§ Task to carry out:
An exact copy of the lines from the top of the data through the line with "พล.อ.ประยุทธ์ จันทร์โอชา นายกฯ" is what you should give, with no pictures in it.

━━━ Records shown

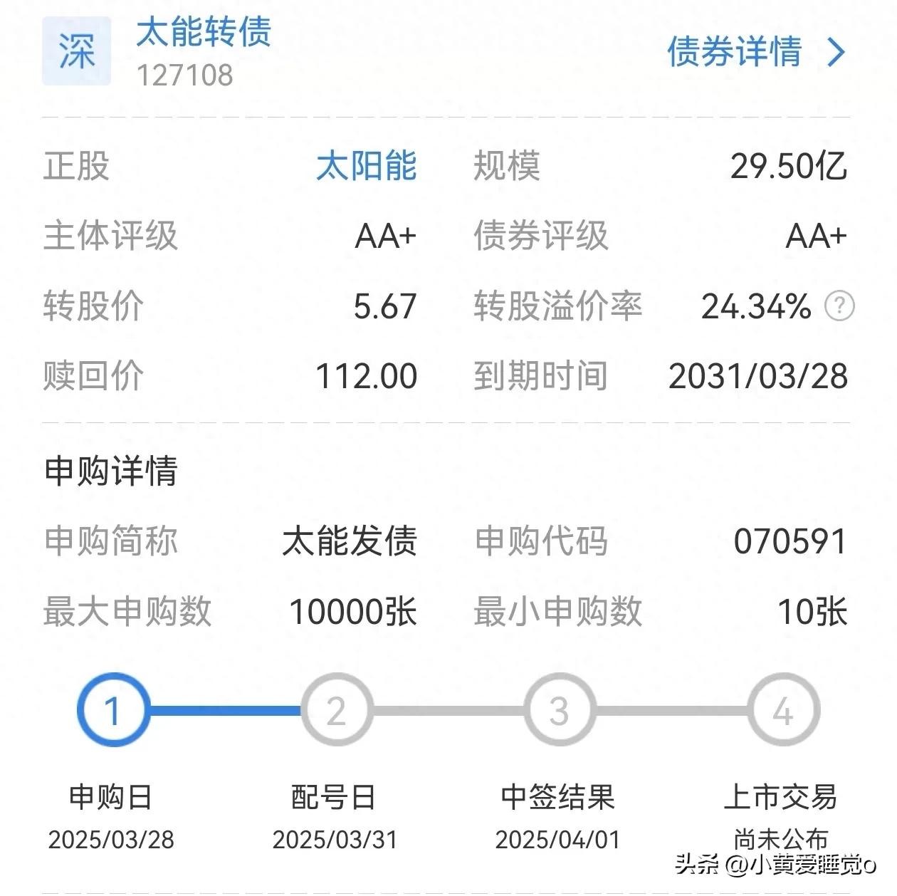 哈喽大家好,欢迎来阅读小黄的文章~今日分享的是太阳转债申购内容。以下建议仅为信息分享,无任何推广内容,具体操作自己决策喔
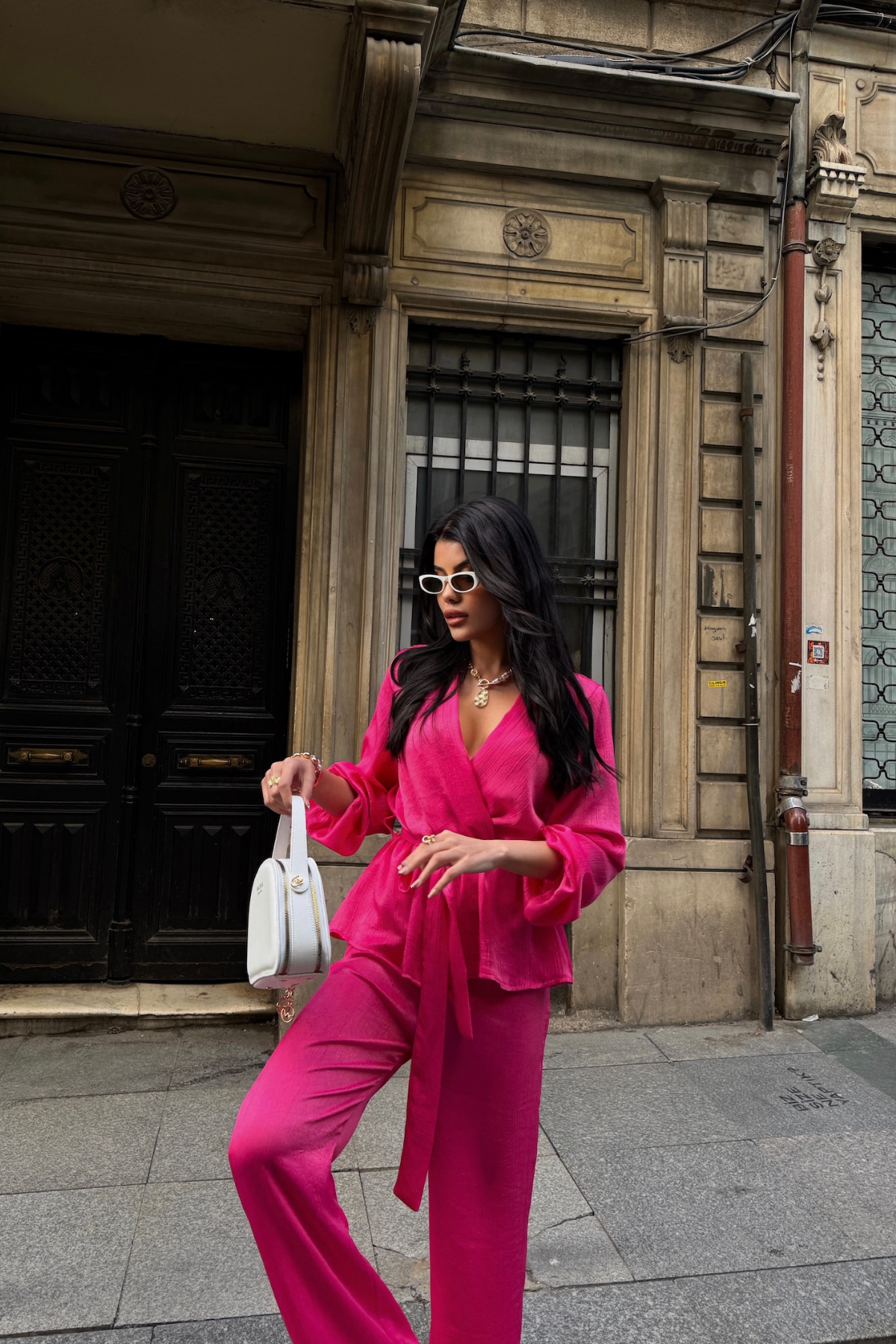 SATEN KRUVAZE BAĞLAMALI BLUZ- PANTOLON TAKIM - Fuşya
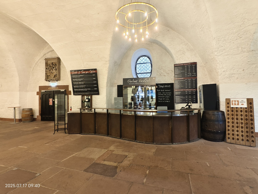 酒吧供应城堡自酿的葡萄酒,走累了,来一杯,坐下歇歇脚。
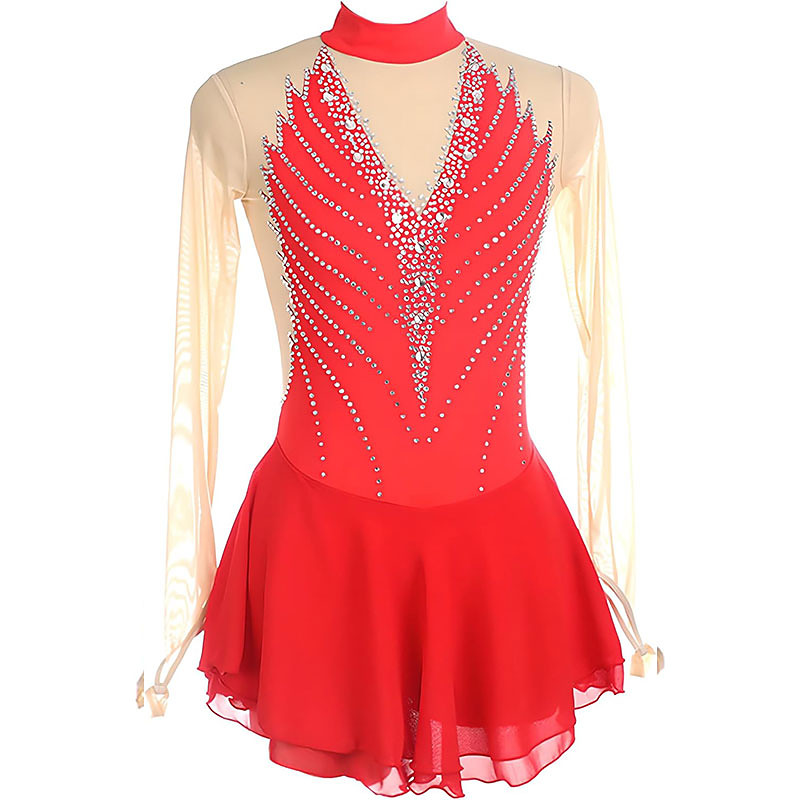 Figure Skating Dress Women's Girls' Ice Skating Dress Red Stretchy Training Competition Skating Wear Crystal / Rhinestone Sleeveless Ice Skating Figure Skating
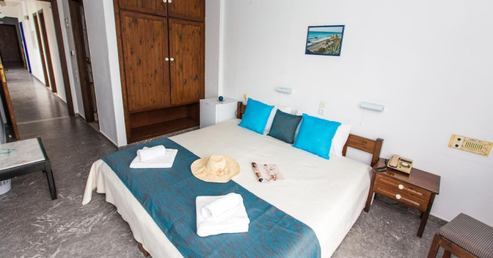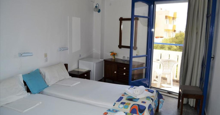 Sunt disponibile 20 camere. Unele camere au balcon, cu vedere la grădină, unde oaspeții se pot relaxa în compania celor dragi. Camerele confortabile de la Adamakis Hotel sunt dotate cu pardoseală de gresie/ marmură, aer condiționat și seif. În camere există baie cu cadă sau duș prevăzută cu foehn. Fiecare cameră dispune de cană-fierbător. Curățenia in cameră se face zilnic. Fiecare unitate de cazare are frigider. Proprietatea oferă camere pentru nefumători.
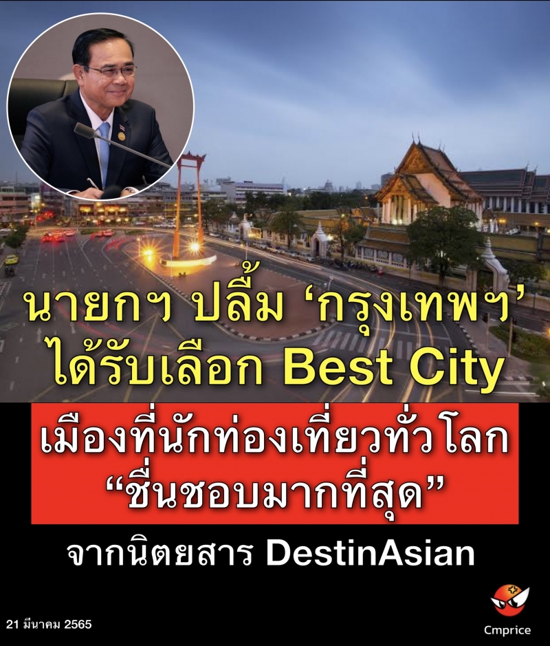 พล.อ.ประยุทธ์ จันทร์โอชา นายกฯ และ รมว.กลาโหม ยินดีที่ทราบว่า นิตยสาร DestinAsian จัดให้ ‘กรุงเทพฯ’ เป็นอันดับ 1 ในเมืองที่นักท่องเที่ยวทั่วโลกชื่นชอบมากที่สุด (Best City) ในการท่องเที่ยวเอเชียแปซิฟิค จากผลการคัดเลือกของผู้อ่าน (Reader's Choice Awards 2022) ซึ่ง 5 อันดับแรกได้แก่ กรุงเทพฯ สิงคโปร์ โตเกียว ฮ่องกง และโซล ตามลำดับ โดยกรุงเทพฯ เคยได้รับเลือกอันดับที่ 1 มาแล้วเมื่อปี 2020
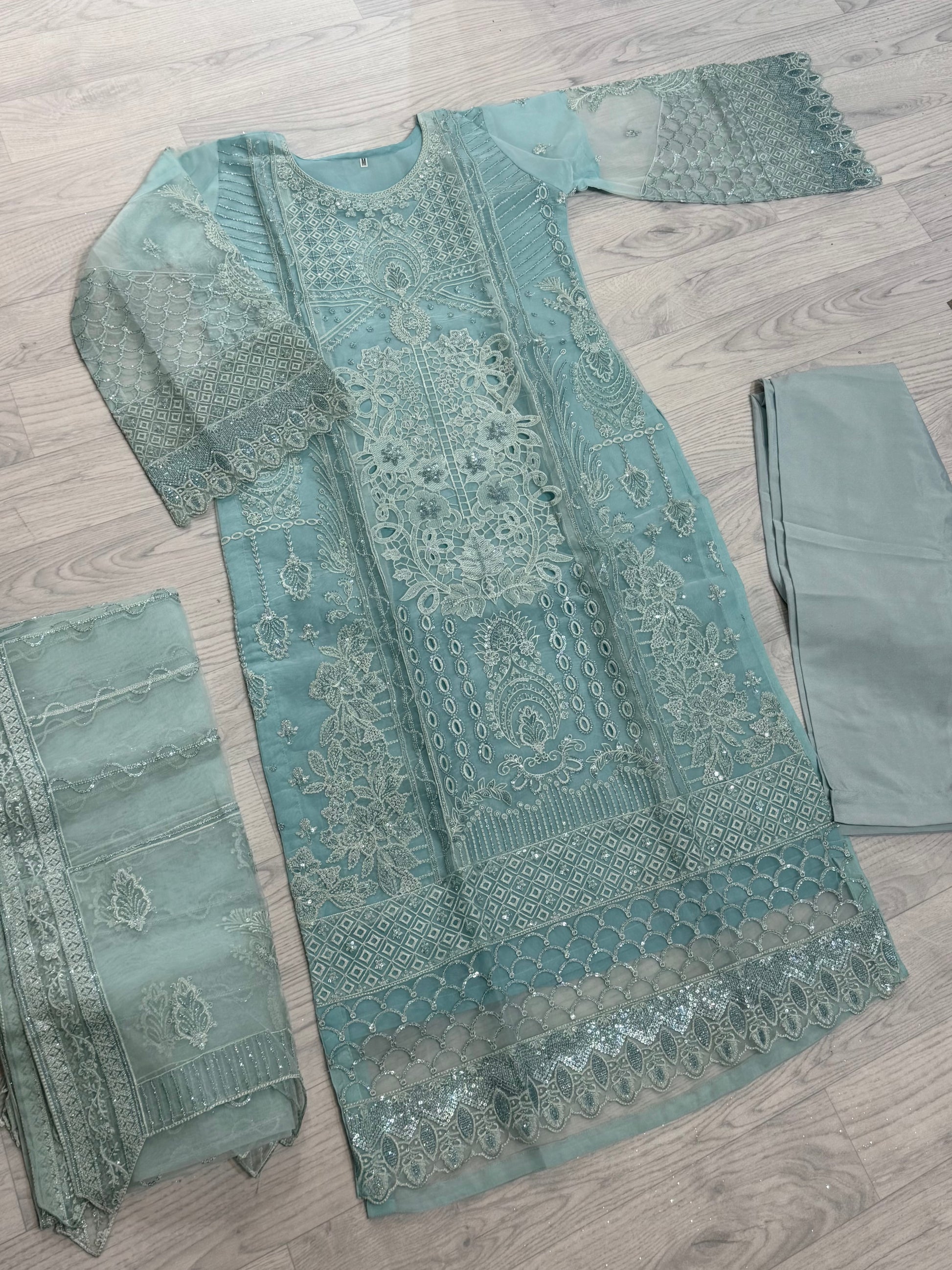 Dieses elegante Ready-to-Wear Organza Set vereint luxuriöse Leichtigkeit mit moderner Raffinesse. Gefertigt aus hochwertigem Organza-Stoff, überzeugt es durch seinen fließenden Fall und ein angenehm leichtes Tragegefühl bei gleichzeitig edler Ausstrahlung.
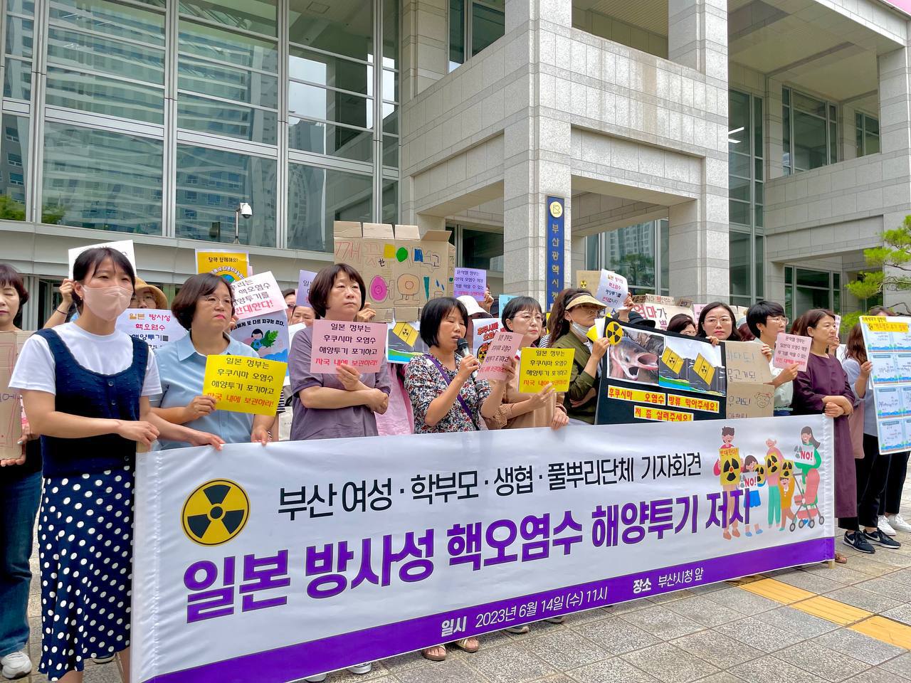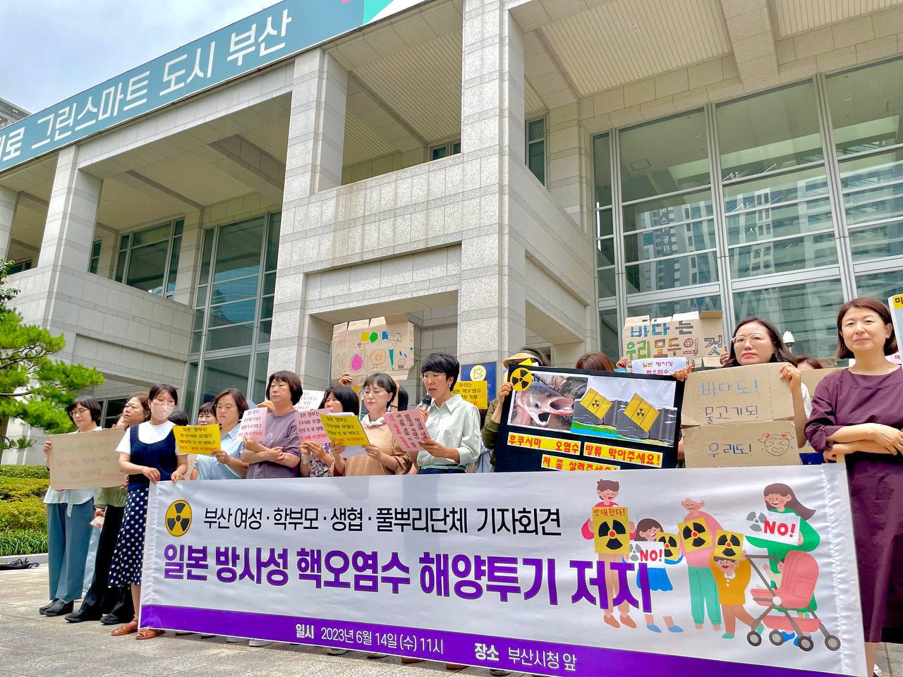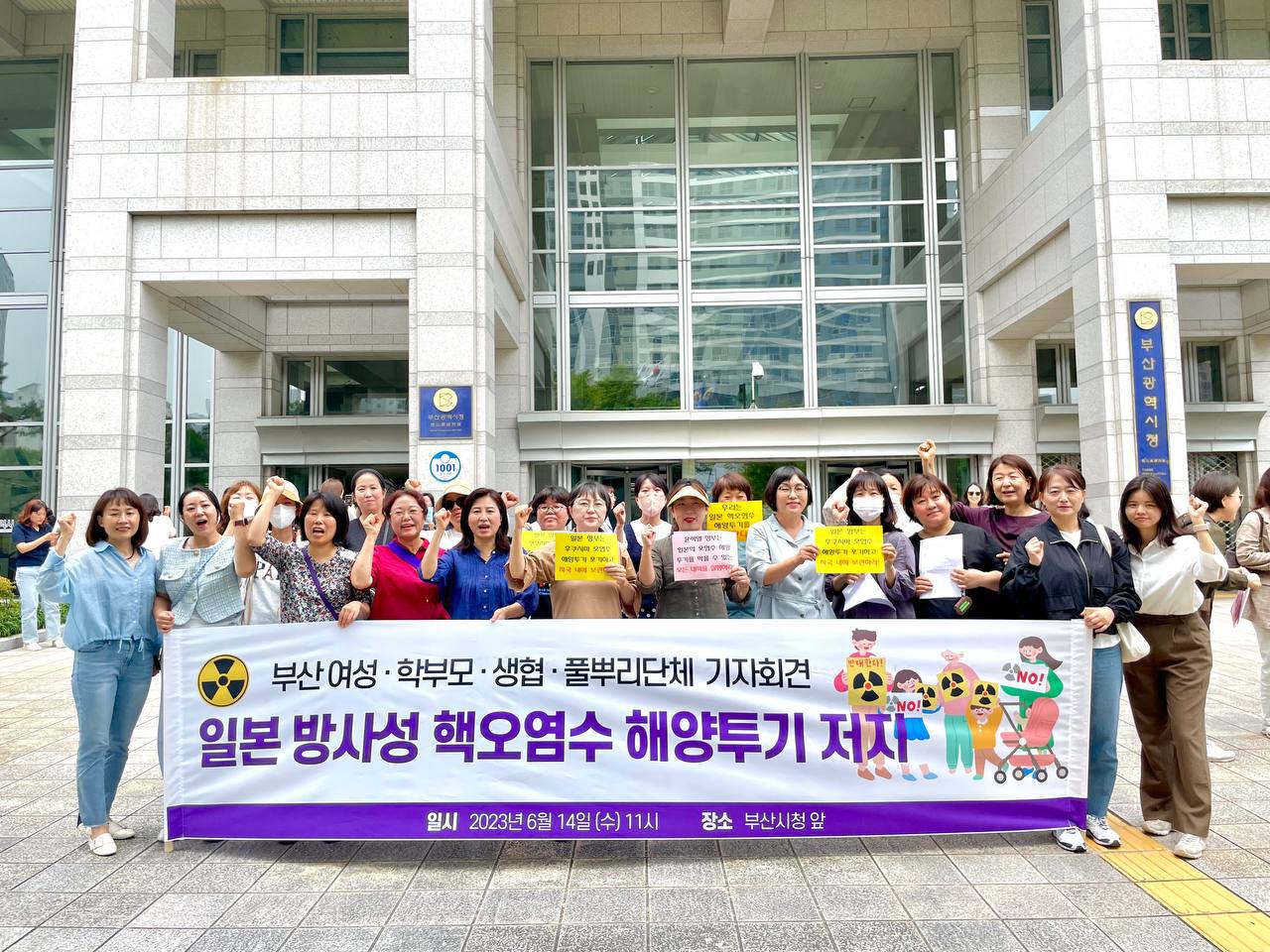 부산여성회는 6월14일 오전, 부산시청앞에서 부산지역 여성, 학부모, 생협, 풀뿌리 단체들과 함께 일본 방사성 핵오염수 해양투기 저지 기자회견을 진행하였습니다.

━━━━━━

§ Output below:
 哈喽大家好,欢迎来阅读小黄的文章~今日分享的是太阳转债申购内容。以下建议仅为信息分享,无任何推广内容,具体操作自己决策喔
 SATEN KRUVAZE BAĞLAMALI BLUZ- PANTOLON TAKIM - Fuşya
 酒吧供应城堡自酿的葡萄酒,走累了,来一杯,坐下歇歇脚。
 Figure Skating Dress Women's Girls' Ice Skating Dress Red Stretchy Training Competition Skating Wear Crystal / Rhinestone Sleeveless Ice Skating Figure Skating
 Sunt disponibile 20 camere. Unele camere au balcon, cu vedere la grădină, unde oaspeții se pot relaxa în compania celor dragi. Camerele confortabile de la Adamakis Hotel sunt dotate cu pardoseală de gresie/ marmură, aer condiționat și seif. În camere există baie cu cadă sau duș prevăzută cu foehn. Fiecare cameră dispune de cană-fierbător. Curățenia in cameră se face zilnic. Fiecare unitate de cazare are frigider. Proprietatea oferă camere pentru nefumători.
 พล.อ.ประยุทธ์ จันทร์โอชา นายกฯ และ รมว.กลาโหม ยินดีที่ทราบว่า นิตยสาร DestinAsian จัดให้ ‘กรุงเทพฯ’ เป็นอันดับ 1 ในเมืองที่นักท่องเที่ยวทั่วโลกชื่นชอบมากที่สุด (Best City) ในการท่องเที่ยวเอเชียแปซิฟิค จากผลการคัดเลือกของผู้อ่าน (Reader's Choice Awards 2022) ซึ่ง 5 อันดับแรกได้แก่ กรุงเทพฯ สิงคโปร์ โตเกียว ฮ่องกง และโซล ตามลำดับ โดยกรุงเทพฯ เคยได้รับเลือกอันดับที่ 1 มาแล้วเมื่อปี 2020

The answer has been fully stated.